A pointless movie of a NYC college professor addicted to gambling and making huge risky bets. Driving the plot is Axel Freed (Caan)’s need to come up with $44,000 or face the wrath of the Mobsters. We follow him as makes even more crazy bets, sponges off his well-to-do Mother, and tries to appease and buy time from Loan sharks/Bookmakers. We also get some dull scenes with Axel teaching college students and we get the standard boyfriend-girlfriend scenes with Hutton.
This is NOT a nail-biting, “OMG how is Alex going to pay off the money and not get killed” thriller. It’s more of a leisurely character study of a self-destructive gambler. Even worse there’s really only one character: Axel Freed. And there's almost no humor or charm and very little entertainment. The Gambling scenes fail to transmit the thrill and excitement gamblers must experience.
The movie expects us to identify with Mr. Freed, be intrigued by him, and root for him. But that’s just a given - there's nothing put on the screen that makes us care. He makes no effort to cure his gambling habit, he's gotten in trouble before and gotten bailed out by his rich relatives, and outside of his gambling habit there's nothing particularly interesting about him. By the end, I was tired of him. So, when Axel absurdly goes to Harlem and tries to bait a pimp into killing him, one wishes it were so. But sadly, he only manages to get his face slashed.

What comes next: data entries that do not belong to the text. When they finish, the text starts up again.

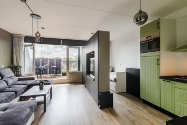 Aan de rechterzijde van de hal bevindt zich het toilet, en loop je door, dan kom je uit in de lichte woonkamer met open keuken. Dankzij de grote raampartijen valt het daglicht royaal naar binnen. De woonkamer voelt ruim aan en biedt de mogelijkheid om een 2e slaapkamer te realiseren. Vanuit de woonkamer heb je toegang tot het ruime balkon op het zuidwesten, waar je tot in de avond kunt genieten van de zon.
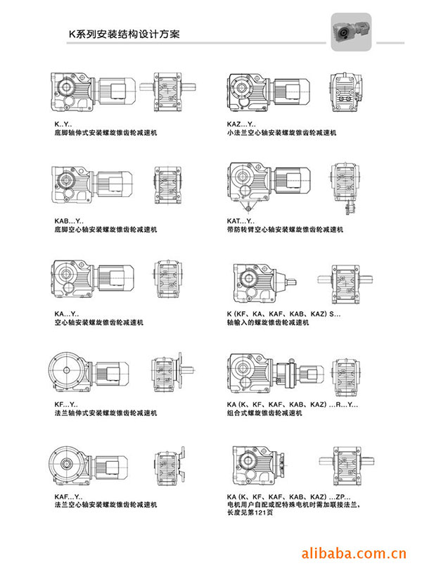 K系列螺旋錐齒輪減速機詳細介紹 K系列螺旋錐齒輪減速機結合國際技術要求制造,具有很高的科技含量; 節省空間,可靠耐用,承受過載能力高,功率可達200KW以上; 能耗低,性能優越,減速機效率高達95%以上; K螺旋錐齒輪減速機振動小,噪音低,節能高; 選用優良段鋼材料,鋼性鑄鐵箱體,齒輪表面經過高頻熱處理; 經過精密加工,構成了斜齒輪、傘齒輪、錐齒輪傳動總成的減速機配置各種類電機,形成機電一體化,完全保證了減速電機產品使用質量特征。 K斜齒輪螺旋錐齒輪減速電機結構形式: K-軸伸式、底..
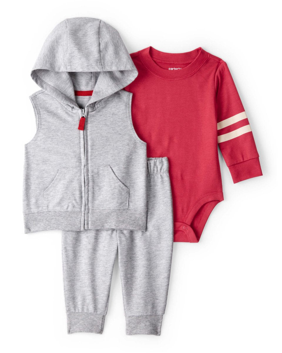 Este conjunto de 3 piezas en tonos grises destaca por su estilo limpio y moderno. Su paleta neutra permite combinarlo fácilmente con cualquier otra prenda, ofreciendo un look suave y equilibrado para el día a día del bebé.
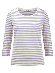 T-shirt met ronde hals van PETER HAHN met driekwartmouwen. Nieuwe kleuren, topkwaliteit Een shirt in de nieuwste pasteltrend met een gebreid strependessin en een subtiel glittereffect dankzij metallic garen. 84% katoen, 12% polyester (gemetalliseerd), 4% elastaan. Lengte ca. 62 cm. Dit T-shirt met ronde hals is machinewasbaar. fijnwas tot 30°. chloorbleken niet mogelijk. koud strijken. chemische reiniging, veilig. drogen in de droger niet mogelijk. 36, 38, 40, 42, 44, 46, 48, 50, 52

And Caan doesn’t help matters. He just doesn’t have the charisma/acting chops to draw us in. Caan’s too self-contained, its all surface emotion. We feel neither Axel’s ghastly compulsion nor his intermittent exultation. And Caan doesn’t wear well - he can’t “carry” a movie for 120 minutes.
Summary: Watching a young Paul Sorvino, and a few scenes of 1970s NYC was fun. And Hutton was attractive - but mostly I was bored with “The Gambler”. We get too many scenes of Caan driving a car, talking to college students, or talking to his mother. Or Axel telling some bookie “I’ll get your money, just wait”. Again, the whole thing seemed pointless. A small time movie about a small-time man you really wouldn't want to know. Who was the target audience for this? I dunno. It sure wasn't me.
The Mystery of James Caan
James Caan always seems to be a bigger star then he actually was. Partly, it was luck. He got co-star/supporting roles in memorable movies (Misery, Dick Tracy, Brian’s Song, and The Godfather) or was paired with a popular actress in one of thieir star vehicles (Funny Lady, Comes a Horseman). And partly it was because he was the darling of Studio Execs/Producers and Pauline Kael in the 1970s. Robert Evans, for example, wanted Caan as “Michael” in the Godfather. And the director of “The Gambler” chose Caan over DeNiro for that role.
It’s not clear how popular Caan really was, because most of his starring movies in 70s weren’t very good and did mediocre business. After watching Thief and The Gambler, it’s clear he couldn’t carry a movie on his own. He just wasn’t in the same class as De Niro, Pacino, or Redford.